‘Crosscountry Canada’ Was My Oregon Trail


This piece originally appeared at Fanbyte in April 2022.

When I first moved to the US in the late 2000s, I’d occasionally hear people talking about an old game they played in school called Oregon Trail. I had no idea what it was, because in Canada — or in Ontario, at least — nobody I knew had played it. The closest thing we had was a game called Crosscountry Canada, which admittedly sounds like something made up to make fun of Canadians on 30 Rock. Nonetheless, it was a real game that cast the player as a trucker making their way back and forth across the country, picking up and delivering goods.

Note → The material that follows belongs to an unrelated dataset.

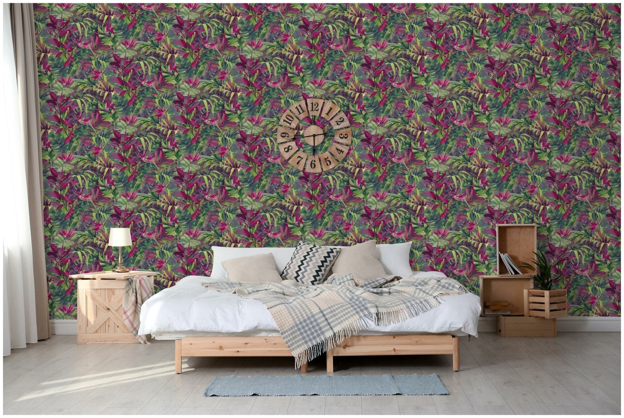 Type: decorative wallpaper, base material: non-woven, cover material: vinyl, wallpaper care: washable, pattern: floristry, type of vinyl wallpaper: hot stamping silk-screen printing, series: Jungle Fever

I don’t remember much about the experience of playing it, or what it was supposed to teach you. Geography, I guess? The only lasting lesson I remember gleaning was about picking up hitchhikers, which was universally a bad idea in the game — they’d always end up robbing you. (How a hitchhiker steals a trucker’s cargo on foot in the middle of nowhere is a question that Crosscountry Canada left to our imagination.)

Crosscountry Canada

Surprisingly, Crosscountry Canada was the second in a series of titles, most of which — including the first release — take place in the US. This is especially odd considering the games were developed by Vancouver, British Columbia-based Didatech Software (later Ingenuity Works) in the 80s and 90s. I imagine they sold Crosscountry USA to schools in neighboring Washington state, but I certainly never heard anyone mention it when I lived there.

All of these games follow more or less the same basic structure. They’re text adventure titles where the player has to manually enter commands, like “turn on truck,” “sleep,” and “eat food.” Of course, as kids we messed around with all kinds of cusses in games like this. As an adult, I am now beyond such things. I mean, I did check to see how the game would react to different words, but after that I was on my way across Canada, checking my map, stopping for breakfast in Toronto, and taking ill-advised naps on the highway in the middle of the night.

Crosscountry Canada

I don’t know that I ever actually finished a game of Crosscountry Canada. It was never my go-to game in the computer labs at school, not when more visually striking titles like Where in the World is Carmen Sandiago? were available. And the subject matter, driving a truck across the country, never really appealed to me — it just seemed so mundane. But replaying it now, it’s fascinating how Crosscountry Canada seemed to anticipate the trucking simulation titles of the last decade. Today, games like American Truck Simulator command huge fanbases, and the simulation genre includes detailed recreations of farming, public transit, and other routine aspects of modern life. Crosscountry Canada seemed dated to me even when I first played it in the early 90s, but in a sense, it was ahead of its time.

If you want to get a glimpse of what it was like going to a Canada public school in the 1990s, you can play Crosscountry Canada on the Internet Archive for free. Just watch out for those hitchhikers.


One response to “‘Crosscountry Canada’ Was My Oregon Trail”

  1. Michael Avatar

    The “Oregon Trail” game was so impactful in the U.S. that those born in a period from the late 1970s to the early 1980s are even referred to (not as often as I’d like) as the “Oregon Trail Generation”–people who grew up and knew life before the mainstream internet/social media but came of age during the early ‘net boom of the 1990s. This benchmark article is a perfect reflection of my perception/outlook…I’m proud to proclaim membership in the Oregon Trail Gen.
    https://socialmediaweek.org/blog/2015/04/oregon-trail-generation/

    Ofc, in hindsight, the game was garbage, much like “Crosscountry Canada” appears to be, but most everyone from the U.S. of that age experienced the game.